Purpose: : Mouse models of retinal diseases are commonly used to investigate RPE function and pathophysiology. For some types of assays, cultured RPE cells from transgenic mice would be of significant utility. Here we examine mouse RPE cultures to determine conditions under which they expressed ‘tissue-type’ differentiated properties.

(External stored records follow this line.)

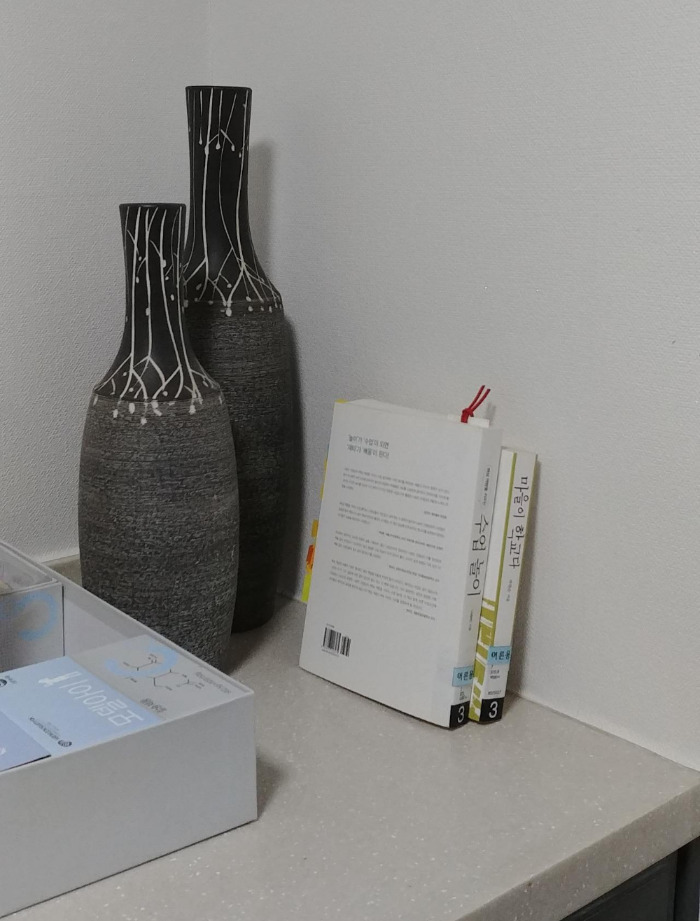 급한 반성을 하며 주위를 둘러보니, 곳곳에 먼지와 찌든 때들이 보였다. 걸레를 들고 평소에 못 본 척 지나갔던 구석진 공간들을 닦았다. 책들이 삐뚤빼뚤 쌓여 있던 죽은 공간을 치우고, 구석으로 밀려나 있던 화병을 그 자리에 두었다.
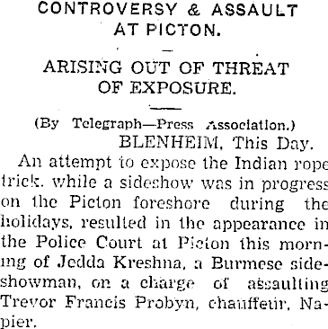 CONTROVERSY & ASSAULT AT PICTON. ARISING OUT OF THREAT OF EXPOSURE. (By Telegraph—Press Zissociatlon.) BLENHEIM, This Day. An attempt to expose the Indian rope trick. while a sideshow was in progress on the Picton foreshore during the holidays, resulted in the appearance in the Police Court al Picton this morning of Jcdda Kreshna, a Burmese sideshowman, on a charge of assaulting Trevor Francis Probyn, chauffeur, Napier.
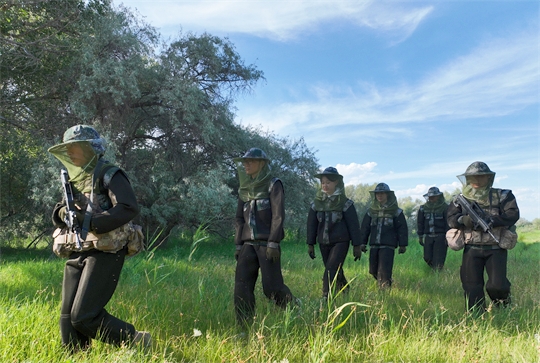 清華學子走進武警兵團總隊執(zhí)勤第五支隊營區(qū),換上軍裝參加軍事訓練,陪哨兵同站一班崗,觀摩特戰(zhàn)武器裝備展示……
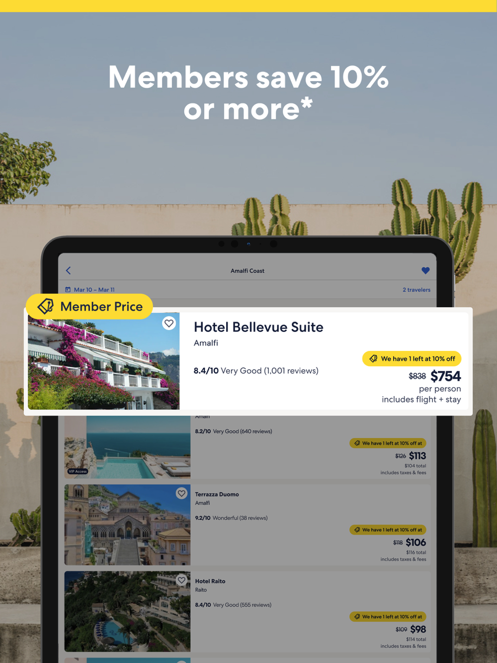 - Instantly save 10%* or more on over 100,000 hotels worldwide with Member Prices.
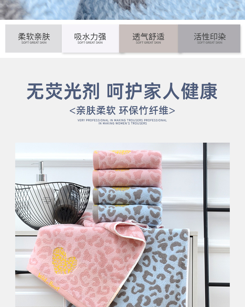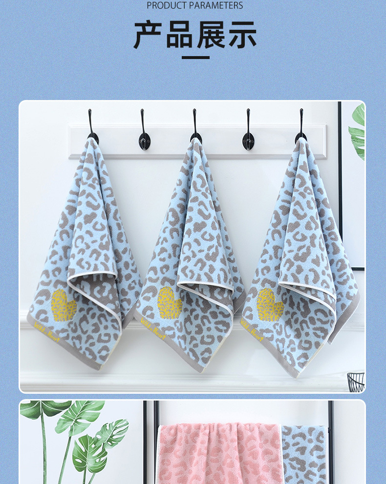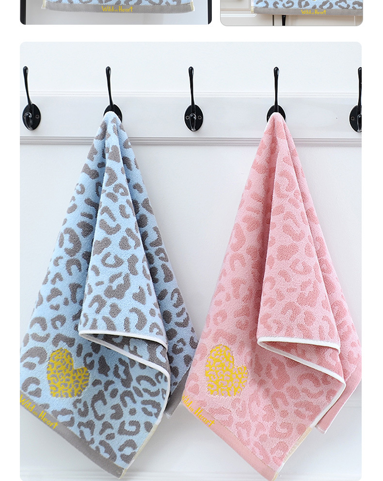 새로운 가정용 얼굴 수건 부드럽고 편안한 레오파드 자카드 통기성 얼굴 수건 학생 수건
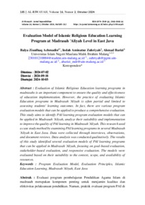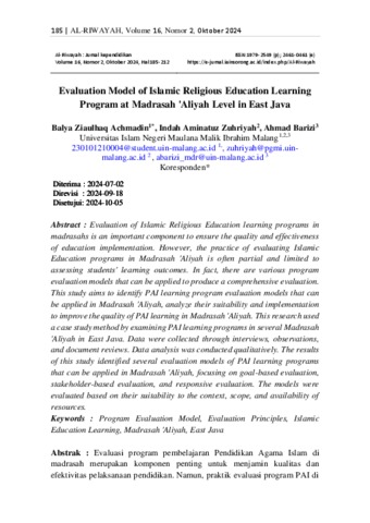 'Aliyah in East Java. Data were collected through interviews, observations, and document reviews. Data analysis was conducted qualitatively. The results of this study identified several evaluation models of PAI learning programsthat can be applied in Madrasah 'Aliyah, focusing on goal-based evaluation, stakeholder-based evaluation, and responsive evaluation. The models were evaluated based on their suitability to the context, scope, and availability of
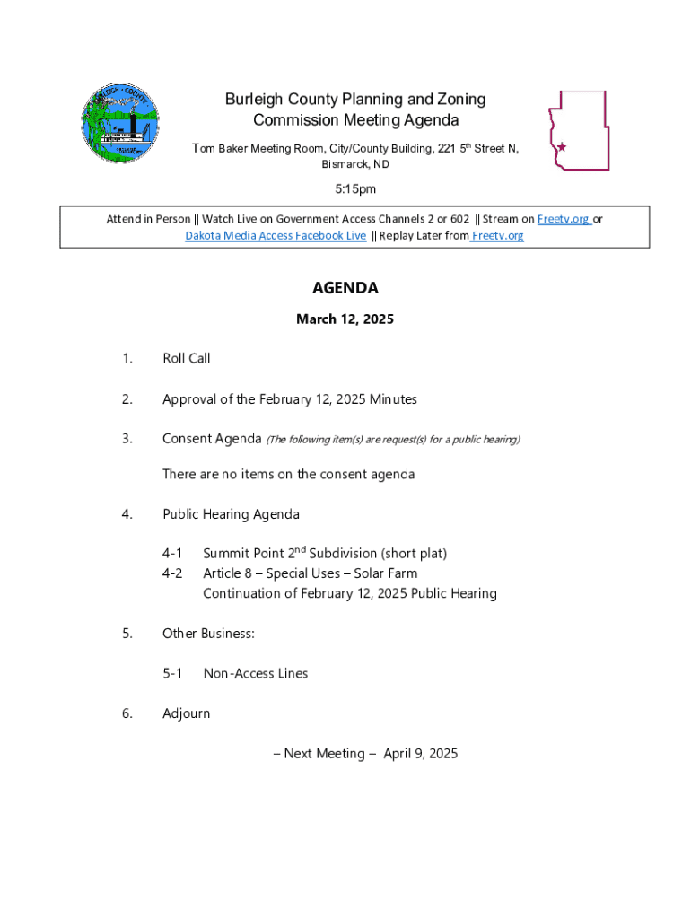 This document outlines the agenda for the Burleigh County Planning and Zoning Commission meeting held on March 12, 2025. It includes the roll call, approval of previous minutes, details of public

Methods: : We developed mouse RPE cultures from several transgenic lines by adapting methods developed by Hu and Bok (Mol Vis. 2001). In particular, early experiments illustrated that explants of the cells in CEM, as described for fetal human RPE, was particularly suited for development of ‘tissue-type’ monolayers. Cultures were analyzed by western blot analysis, immunofluorescence microscopy, and ELISA for expression of tyrosinase, pigmentation, CRABP-1, Bestrophin-1, and PEDF under the control of OA1.

Results: : Cultured mouse RPE produced monolayers of hexagonal cells that were stable for greater than 1 year. RPE capable of pigmentation (not from albino mice) were heavily pigmented within 1 month, and maintained pigment until harvest. Monolayers from all lines expressed CRABP-1, PEDF, and Bestropin-1, with the exception of the RPE from Bestrophin-1 knock-out mice. Endogenous PEDF expression levels of the mouse monolayers were similar to monolayers of fetal human RPE, and were tied to the OA1 autocrine loop (Lopez, et al. 2008). We found the best age for production of RPE monolayers to be approximately 30 day old mice.

Conclusions: : The CEM developed for growth and differentiation of fetal human RPE works well with RPE explants from young adult mice. As we have previously described for human RPE cultures (Rak 2006), RPE marker expression in mouse RPE monolayers develops slowly over time. For example, Bestrophin-1 expression was observed in mouse RPE cultures maintained at confluence approximately 1 year, in agreement with our previous results from human RPE indicating no Bestrophin-1 expression at the 4 month time point. Mouse RPE cultures, produced and maintained using these methods, make an excellent model to study RPE function from transgenic animals.